An unusual recognition of the services and the gallant death of Chaplain Fuller took place in Congress, some time afterwards. His death had led to just that result of which he had been warned by an army officer before his death; family was left without a pension, as he was not technically in the service. On his widow's petition to Congress, a special law providing her a pension very promptly passed both Houses without opposition. Honorable Charles Sumner presented the petition in the Senate, remarking, that

"From the 1st day of August, 1861, Arthur B. Fuller had been

a duly commissioned chaplain in the Sixteenth Massachusetts Regiment of Volunteers, and had followed its flag faithfully, patriotically, religiously, through all the perils of the Peninsula and wherever else it had been borne."

The petition having been referred to the Committee on Pensions, they reported,

"That it appears that Arthur B. Fuller was the chaplain of the Sixteenth Regiment of Massachusetts Volunteers; that his health was much impaired by the hardships and exposures of the Peninsular campaign; that after repeated efforts to renew his labors in the camp of his regiment, which were foiled by his sickness returning upon every such attempt, it was finally determined, by the advice of army surgeons, that his malady was such that he could not bear exposure in the field. He was accordingly honorably discharged, on surgeon's certificate of disability, on the 10th day of December, 1862. On the 11th day of December, on the call for volunteers to cross the Rappahannock at the battle of Fredericksburg, he volunteered, and was killed in the service soon after entering Fredericksburg.

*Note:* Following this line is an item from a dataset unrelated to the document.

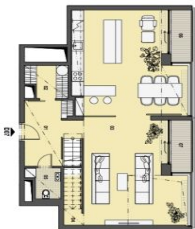
3. PATRO VSTUPNÍ PODLAŽÍ

Smlouba svědčí, výška místnosti 2,6m, vesa 2,8m v anýřích. Názvy prostor a prvků vnitřní jsou orientační a deklarovány si vyřizování jednotky zmeřeny. Zobrazení vybavení nabytkem, vestavěné skříně, kuchyňské linky včetně spotřebičů nejsou součástí dodávky bytu. Toto vyznačení je zobrazeno pouze pro informaci.

"The committee think that, though Chaplain Fuller was technically out of the service of the United States, still he was really in the service of his country and in the line of duty while bravely leading on the soldiers, and dying on the field of battle. They therefore think the petitioner entitled to the relief for which she prays, and accordingly report a bill."

The body of the slain soldier was sent home to Massachusetts, as soon as the incidents of war permitted. A private funeral took place at the house of his brother, and a public one at the First Church on Chauncey Street, in Boston, on December 24, 1862.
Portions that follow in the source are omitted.